The cymose pistillate inflorescence in C. sapiifolius is very unusual in Croton. Most species in the genus have narrow thyrsoid indeterminate inflorescences bearing determinate thyrses (or cymules) with their axis so reduced that they appear lacking. One possibility is that the pistillate inflorescence of C. sapiifolius is reduced to a single unisexual thyrse with an unusual long axis. Additional field observations and additional herbarium material with several stages of inflorescence development will be needed to clarify this issue.
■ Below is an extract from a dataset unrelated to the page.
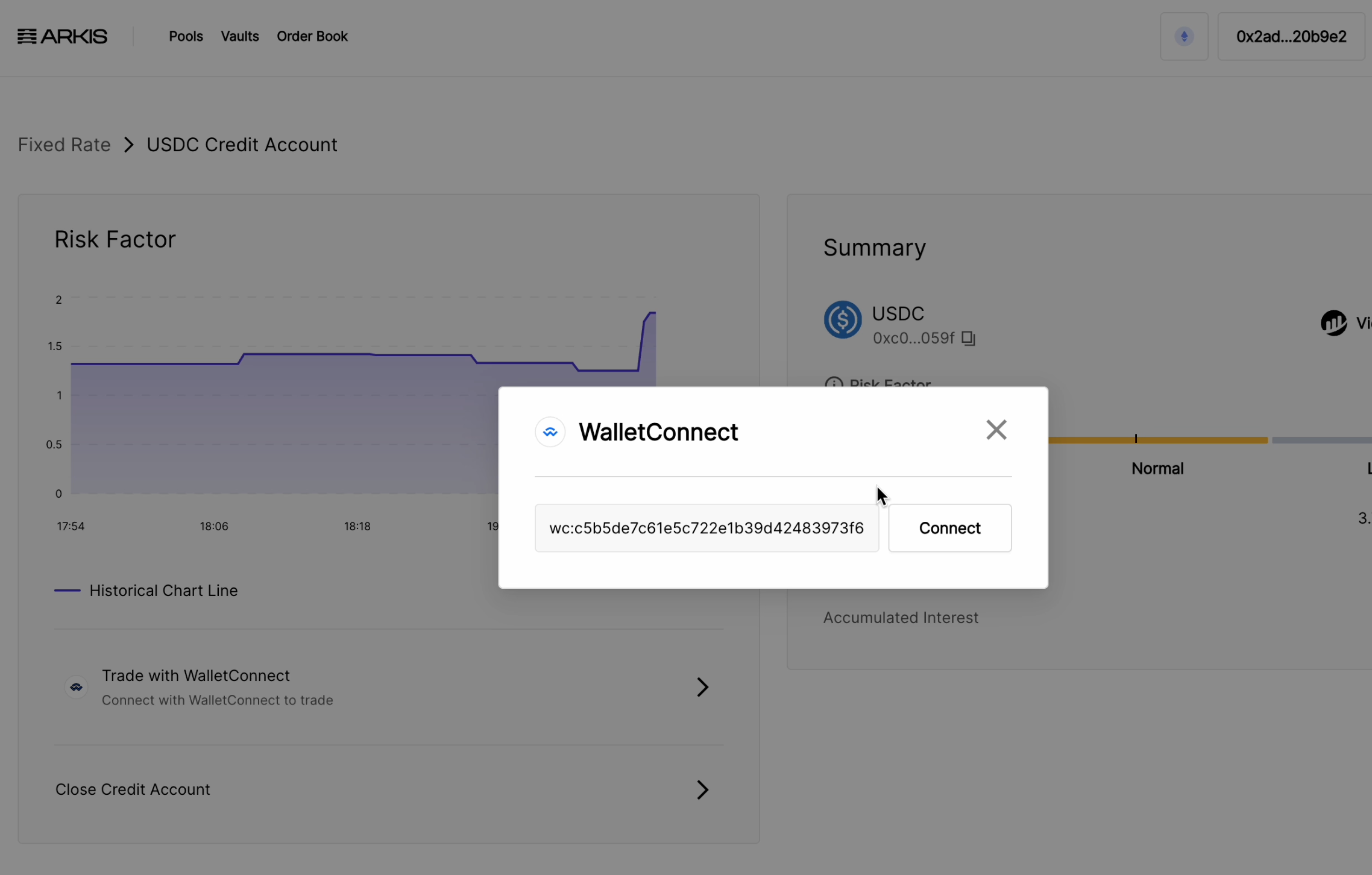 Now, its time to convert borrowed USDC into Pendle tokens. By clicking on Margin Account card a user is forwarded to the dedicated Margin Account page. In order to connect Margin Account to Pendle or any other external dApp click on Trade with WalletConnect

Specimens of C. sapiifolius were previously determined as C. aff. piptocalyx. Despite its affinity with C. piptocalyx, it can be easily distinguished from it by the carpel number (two or three in C. sapiifolius and three in C. piptocalyx), staminate flowers merosity (tetramerous vs. pentamerous), and persistency of calyx in fruit (persistent vs. deciduous). Additional differences between the two species are indicated in Table 1. Webster (1993) referred to C. sapiifolius as an imperfectly known species, and he also mentioned that sect. Quadrilobus was very similar to the Old World Croton sect. Tiglium (Klotzsch) Baill., with the exception of the tetramerous perianth of sect. Quadrilobus. Our morphological studies and evidence from DNA sequence data show that members of Croton sect. Tiglium, along with all Old World Croton species, are not most closely related to C. sapiifolius (Riina & al., 2009). All the Old World Croton species sequenced so far form a monophyletic group nested within the New World Croton (Berry & al., 2005; Van Ee & al., 2008; Riina & al., 2009). Results from the analyses of nuclear ITS and chloroplast trnL-F sequence data show that C. sapiifolius belongs with other South American species: the Sampatik clade (Riina & al., 2009), the South American Grade (Van Ee & al., 2008). This latter includes C. piptocalyx, C. sampatik Müll. Arg., C. ater Croizat, and possibly C. trombetensis Secco, P. E. Berry & N. A. Rosa (Riina & al., 2009).
Fig. 2.
Croton sapiifolius Müll. Arg. A. Branch with a young staminate inflorescence and details of petiolar and marginal glands ; B. Staminate flower ; C. Fruiting branch ; D. Pistillate flower ; E. Ventral and dorsal views of one of the capsular cocci from a 2-locular ovary; F. Ventral view of seed.
[A, B: Mori & al. 10247, CEPEC; C, D: Mori 11765, CEPEC; E, F: Thomas & al. 7357, CEPEC] [Drawings : Klei Rodrigo Souza]
Table 1.
A selection of morphological differences and similarities between Croton thomasii Riina & P. E. Berry, C. piptocalyx Müll. Arg., C. priscus Croizat, and C. sapiifolius Müll. Arg.
Acknowledgments
We wish to thank Klei Rodrigo Souza for the line drawings and Wayt Thomas, José Lima da Paixão, Sérgio Sant'Ana, and Márdel Mendes Lopes for their collaboration and assistance in the field. We are also grateful to the herbaria A, B, CEPEC, DAV, F, G, MBM, MO, NY, SP, and SPF for providing access to their collections, and to Nicolas Fumeaux (G) for his invaluable help with nomenclatural issues. Financial support for a field trip to Brazil was provided to the senior author by The Lawrence Memorial Award from the Hunt Institute for Botanical Documentation, the William R. Anderson Graduate Student Research Grant Fund from the American Society of Plant Taxonomists (ASPT), and the U.S. National Science Foundation (award # DEB-0212481 to P. Berry).